Neste momento, depois de líbios e marroquinos (por causa das tragédias que assolaram os seus países), brasileiros e iranianos (por serem governados por néscios), o grupo de pessoas que me suscita mais compaixão é o composto pelos técnicos das Nações Unidas que andam a trabalhar para nada. É que António Guterres é um daqueles chefes que não lê os relatórios que os subalternos preparam. Se tivesse passado os olhos pelo último relatório do Painel Intergovernamental sobre Alterações Climáticas (IPCC), o organismo da ONU dedicado ao clima, saberia que, ao contrário do que anda a fazer, a ciência não atribui a maioria dos fenómenos climáticos à acção humana, nomeadamente às emissões de CO2. Nem é preciso ler tudo, basta consultar a tabela 12.12, na página 1856 para perceber que, tirando os extremos de temperatura (quentes ou frios), não se detectam sinais de alterações atribuíveis à actividade humana em fenómenos como tempestades tropicais, cheias, seca, granizo, etc. E, nas projecções para o futuro (2050 e 2100) as hipotéticas alterações só se verificam nos cenários mais catastrofistas (RCP8.5 e SSP5). Cenários aliás considerados implausíveis por partirem do pressuposto de que, no que diz respeito a emissões, ao arrepio do que tem acontecido, não só nada será feito para as reduzir, como até serão aumentadas.

Guterres recebe o relatório dos seus técnicos e atira-o imediatamente para o lixo. Corrijo: para a reciclagem, pois tem consciência ambiental. Nós, portugueses, não podemos dizer que estamos surpreendidos.

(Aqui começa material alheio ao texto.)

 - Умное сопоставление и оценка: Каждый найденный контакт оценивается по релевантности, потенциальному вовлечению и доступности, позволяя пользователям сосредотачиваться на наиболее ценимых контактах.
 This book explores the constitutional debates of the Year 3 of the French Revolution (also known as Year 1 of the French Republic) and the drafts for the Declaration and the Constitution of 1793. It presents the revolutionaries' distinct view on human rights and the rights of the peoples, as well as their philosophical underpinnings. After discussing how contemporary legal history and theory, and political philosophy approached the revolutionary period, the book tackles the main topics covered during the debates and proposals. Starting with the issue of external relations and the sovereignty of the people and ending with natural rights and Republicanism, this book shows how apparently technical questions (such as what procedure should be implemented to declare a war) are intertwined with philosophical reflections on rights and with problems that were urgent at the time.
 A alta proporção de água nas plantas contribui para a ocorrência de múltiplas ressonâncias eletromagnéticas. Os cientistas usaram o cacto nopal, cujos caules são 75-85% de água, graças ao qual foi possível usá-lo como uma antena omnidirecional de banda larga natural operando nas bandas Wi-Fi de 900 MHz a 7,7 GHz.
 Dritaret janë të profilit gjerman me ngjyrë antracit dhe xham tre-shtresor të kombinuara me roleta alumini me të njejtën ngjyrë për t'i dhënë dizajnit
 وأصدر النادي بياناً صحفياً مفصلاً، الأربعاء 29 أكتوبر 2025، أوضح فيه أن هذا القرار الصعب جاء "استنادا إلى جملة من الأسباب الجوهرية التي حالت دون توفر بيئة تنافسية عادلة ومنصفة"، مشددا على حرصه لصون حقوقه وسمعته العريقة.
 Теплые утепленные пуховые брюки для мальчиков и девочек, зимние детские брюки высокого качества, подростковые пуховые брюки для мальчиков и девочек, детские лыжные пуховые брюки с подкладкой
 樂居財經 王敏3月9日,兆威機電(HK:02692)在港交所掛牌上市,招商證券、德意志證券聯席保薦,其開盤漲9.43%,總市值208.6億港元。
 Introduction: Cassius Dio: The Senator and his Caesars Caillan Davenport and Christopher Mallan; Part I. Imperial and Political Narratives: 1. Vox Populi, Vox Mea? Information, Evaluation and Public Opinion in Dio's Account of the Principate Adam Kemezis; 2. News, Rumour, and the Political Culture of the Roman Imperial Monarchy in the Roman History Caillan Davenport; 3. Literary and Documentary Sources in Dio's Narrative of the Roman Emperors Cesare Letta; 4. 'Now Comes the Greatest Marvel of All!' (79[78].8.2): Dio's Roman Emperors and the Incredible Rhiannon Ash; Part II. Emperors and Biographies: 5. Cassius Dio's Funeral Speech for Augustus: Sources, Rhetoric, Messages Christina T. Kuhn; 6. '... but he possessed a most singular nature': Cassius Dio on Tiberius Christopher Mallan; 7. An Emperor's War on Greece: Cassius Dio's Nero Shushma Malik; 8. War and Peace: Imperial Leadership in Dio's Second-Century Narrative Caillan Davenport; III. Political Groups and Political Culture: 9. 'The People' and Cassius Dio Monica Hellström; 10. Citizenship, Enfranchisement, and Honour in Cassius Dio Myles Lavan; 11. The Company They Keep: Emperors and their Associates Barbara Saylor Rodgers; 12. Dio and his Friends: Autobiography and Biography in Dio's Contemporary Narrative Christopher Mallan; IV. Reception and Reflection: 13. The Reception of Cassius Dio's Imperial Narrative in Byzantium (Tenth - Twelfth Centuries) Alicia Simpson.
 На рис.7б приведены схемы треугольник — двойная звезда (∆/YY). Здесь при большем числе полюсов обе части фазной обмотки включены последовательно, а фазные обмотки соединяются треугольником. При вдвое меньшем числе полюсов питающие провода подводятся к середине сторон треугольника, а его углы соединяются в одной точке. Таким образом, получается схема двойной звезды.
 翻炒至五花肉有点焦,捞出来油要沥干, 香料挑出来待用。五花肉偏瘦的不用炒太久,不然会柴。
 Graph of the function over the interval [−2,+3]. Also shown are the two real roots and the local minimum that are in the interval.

Lembramo-nos bem que o Governo de António Guterres tinha figuras como Sócrates ou Armando Vara. É óbvio que Guterres não liga muito ao que os subalternos andam a fazer.

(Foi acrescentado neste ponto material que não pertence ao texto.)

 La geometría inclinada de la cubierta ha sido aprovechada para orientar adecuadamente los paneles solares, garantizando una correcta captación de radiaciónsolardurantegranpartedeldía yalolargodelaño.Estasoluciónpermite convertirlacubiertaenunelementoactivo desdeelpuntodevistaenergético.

Entretanto, equipado com este obscurantismo voluntário, António Guterres esteve há dias na Cimeira do Clima de África, onde discorreu sobre neutralidade carbónica e a eliminação de combustíveis fósseis a governantes de países africanos pobres que não tiveram oportunidade de usar os vastos recursos energéticos para saírem da miséria. É o equivalente a dar conselhos sobre jejum intermitente a um sem-abrigo.

Mais do que Secretário-Geral das Nações Unidas, Guterres fala como líder das Nações Ungidas: as ricas e virtuosas, que gostam de catequizar os pobrezinhos.

O leitor lembra-se quando houve escândalo por Isabel Jonet dizer que não se pode comer bifes todos os dias? Guterres está a dizer isso a africanos que até têm uma vaca no quintal. De boca cheia a mastigar um saboroso filet mignon.